» Given data
********
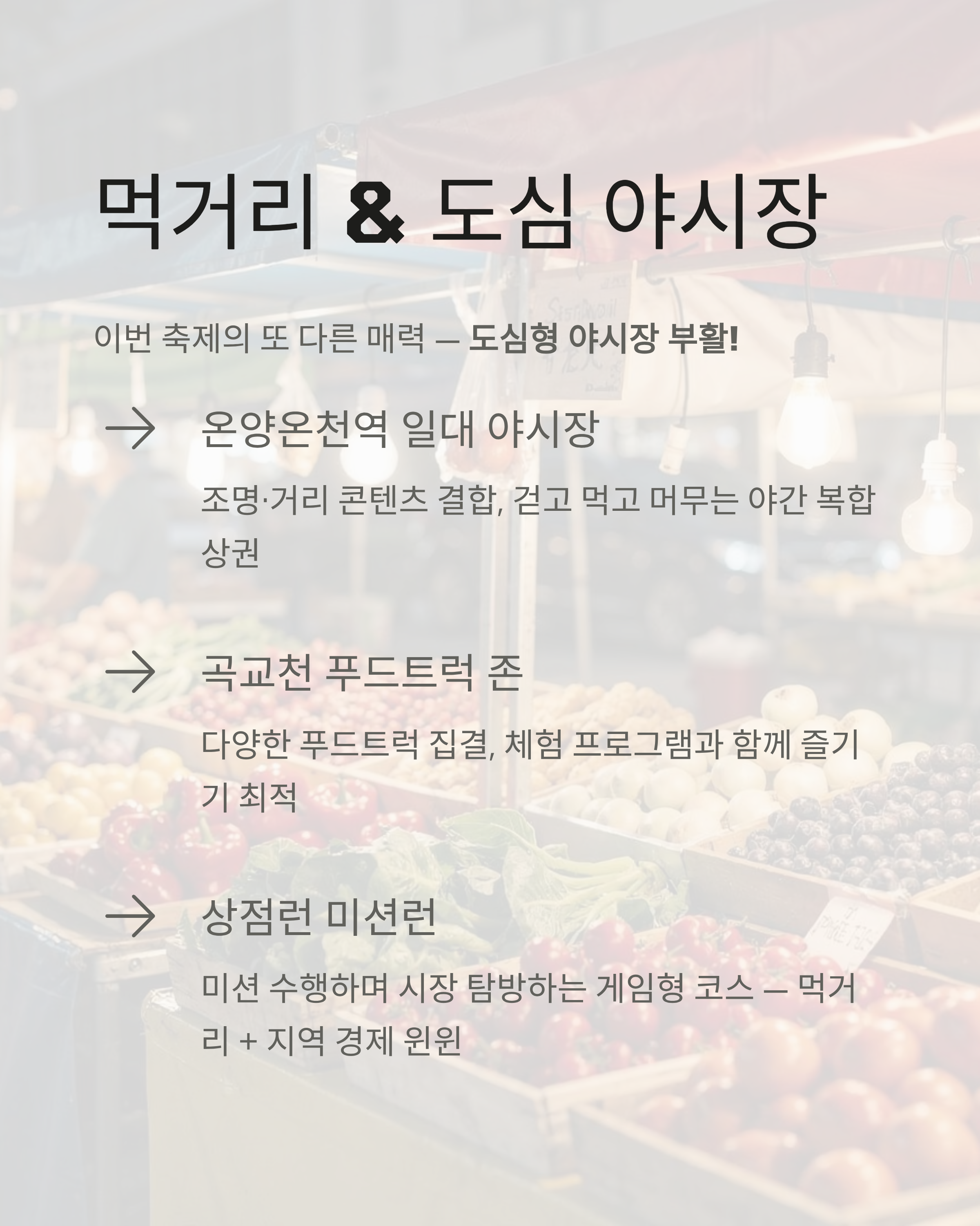 과거 곡교천 야시장의 향수를 도심형 야시장으로 재해석한 콘셉트입니다. 온양온천역과 전통시장 일대 먹거리존이 조명과 거리 콘텐츠가 결합돼 걷고, 먹고, 머무는 야간 복합상권으로 확장됐습니다.
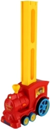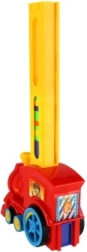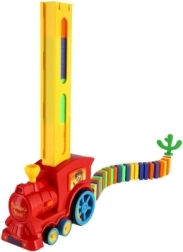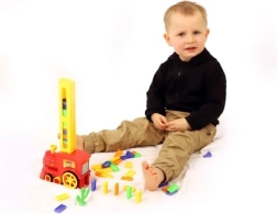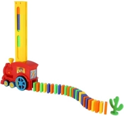 Vláček při jízdě sám staví barevné kostky do dlouhé řady. Děti si užijí hladké a rychlé přípravy na velké dominové kaskády.
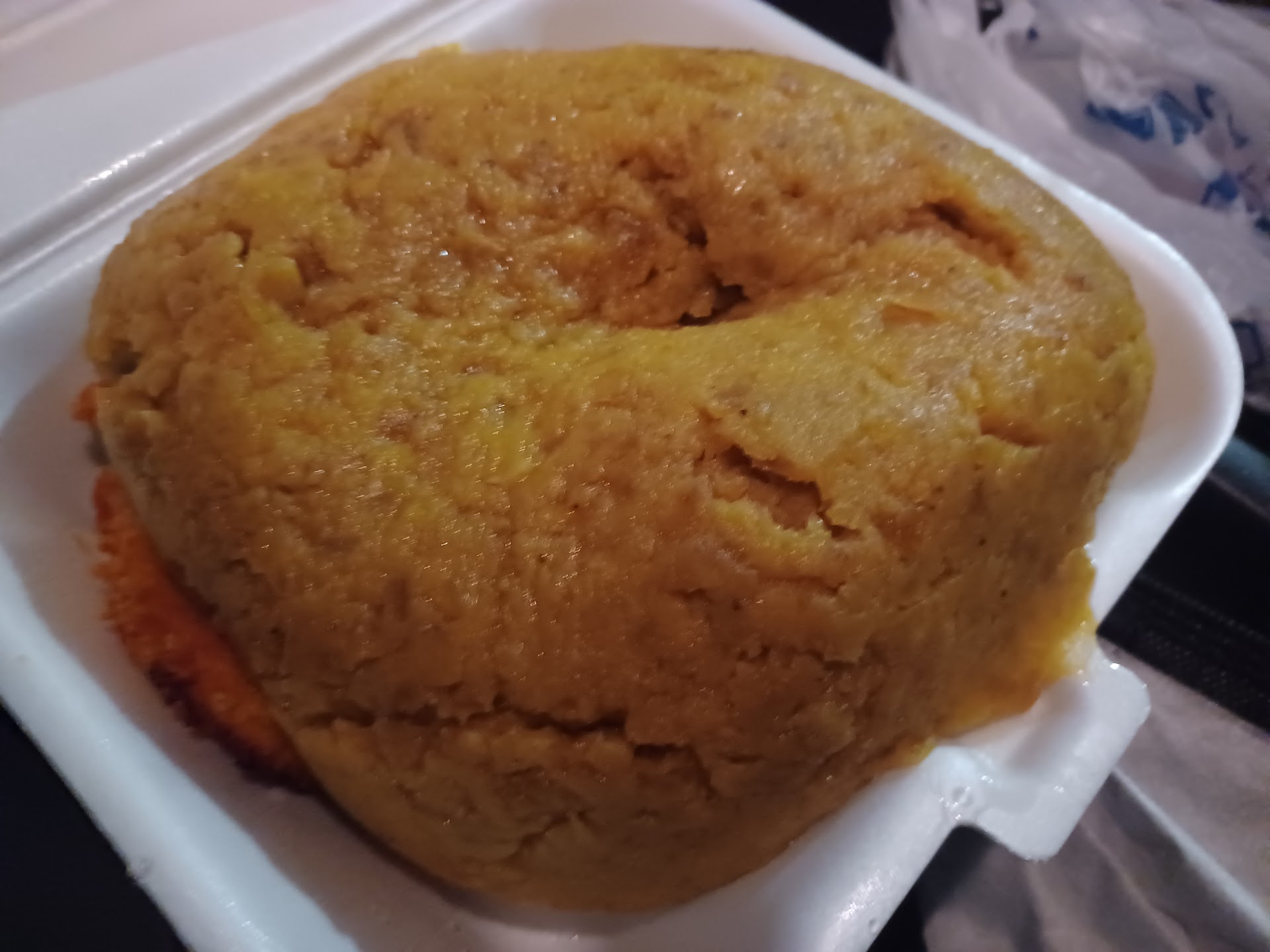 Now, to be honest, the texture and size makes me think that it's not really a mofongo, or at least, not platano based. Who knows.
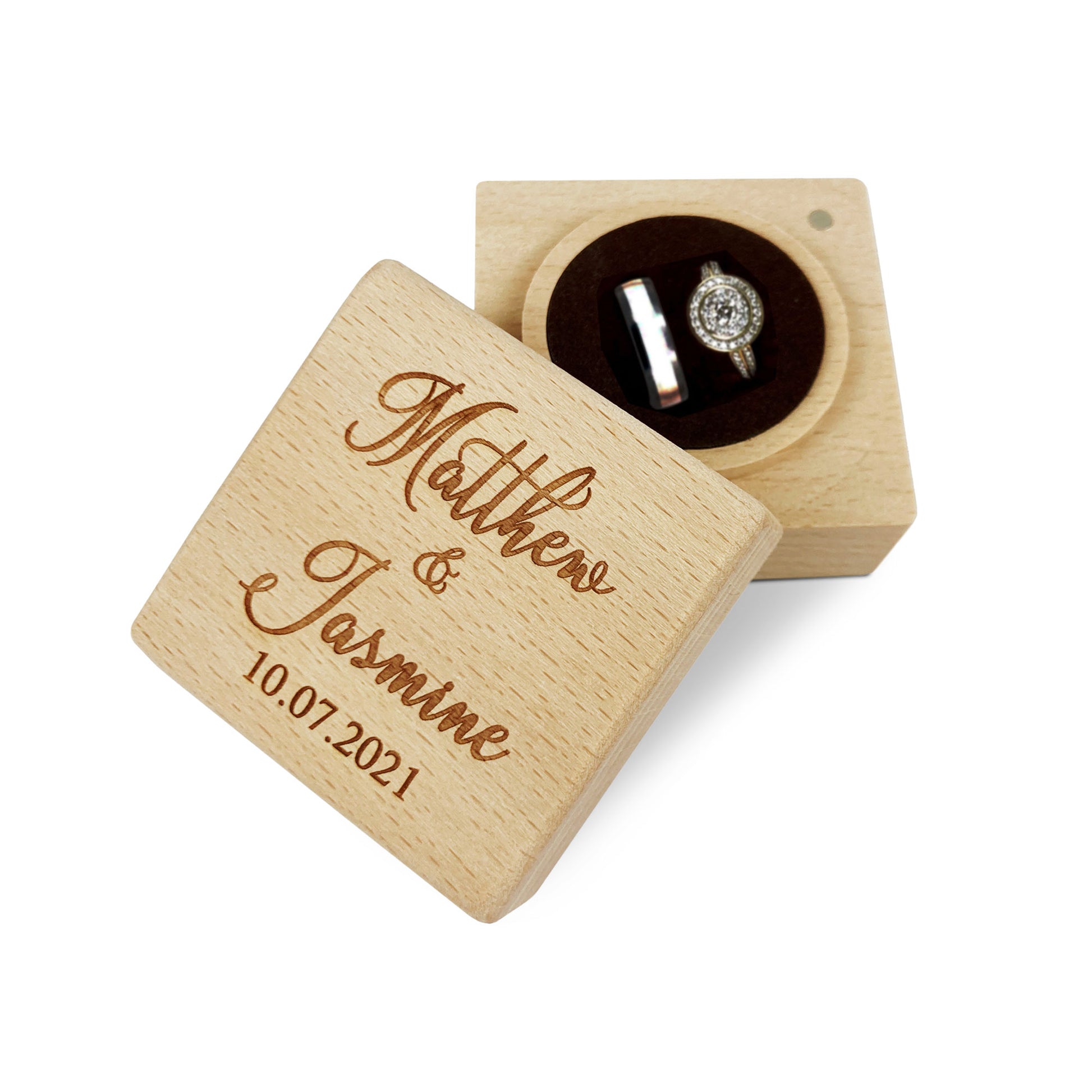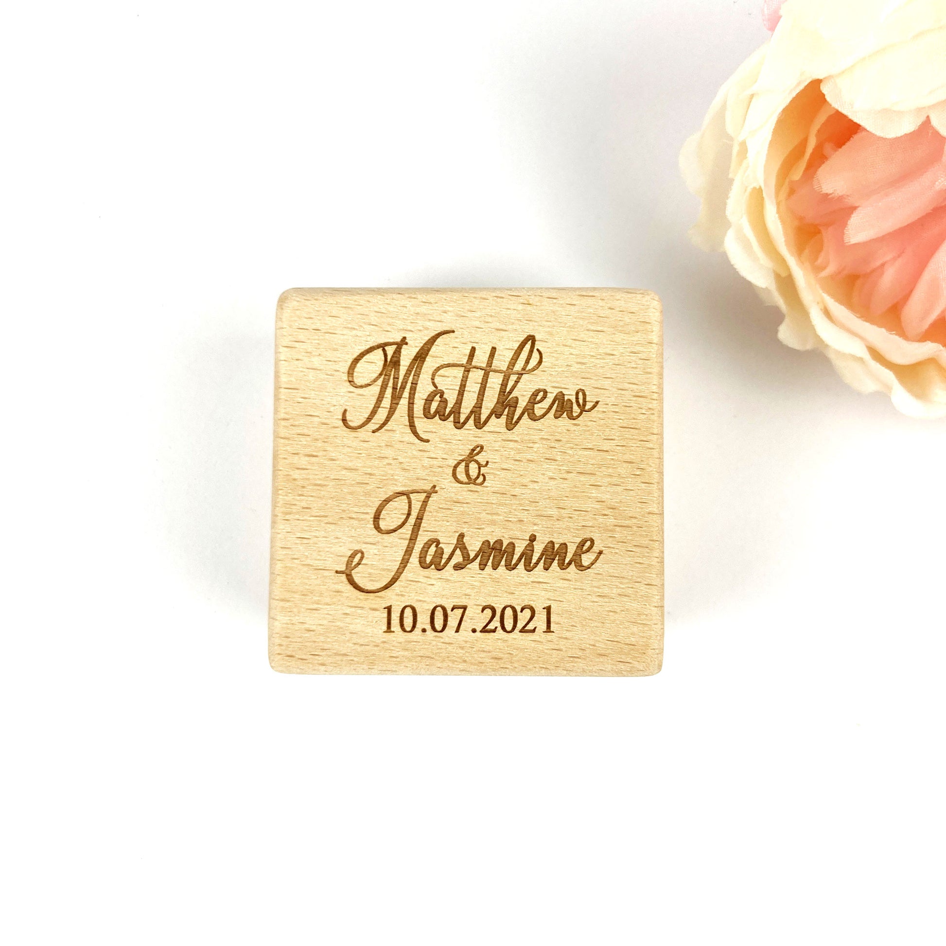 These beautiful wooden square boxes are custom engraved to order. Add a personalised touch, to your special celebration with one of our Custom Ring Boxes. A velvet topped foam insert for 1 or 2 rings included.
********
Except for the pictures, please retype the listing above exactly.

 과거 곡교천 야시장의 향수를 도심형 야시장으로 재해석한 콘셉트입니다. 온양온천역과 전통시장 일대 먹거리존이 조명과 거리 콘텐츠가 결합돼 걷고, 먹고, 머무는 야간 복합상권으로 확장됐습니다.
 Vláček při jízdě sám staví barevné kostky do dlouhé řady. Děti si užijí hladké a rychlé přípravy na velké dominové kaskády.
 Now, to be honest, the texture and size makes me think that it's not really a mofongo, or at least, not platano based. Who knows.
 These beautiful wooden square boxes are custom engraved to order. Add a personalised touch, to your special celebration with one of our Custom Ring Boxes. A velvet topped foam insert for 1 or 2 rings included.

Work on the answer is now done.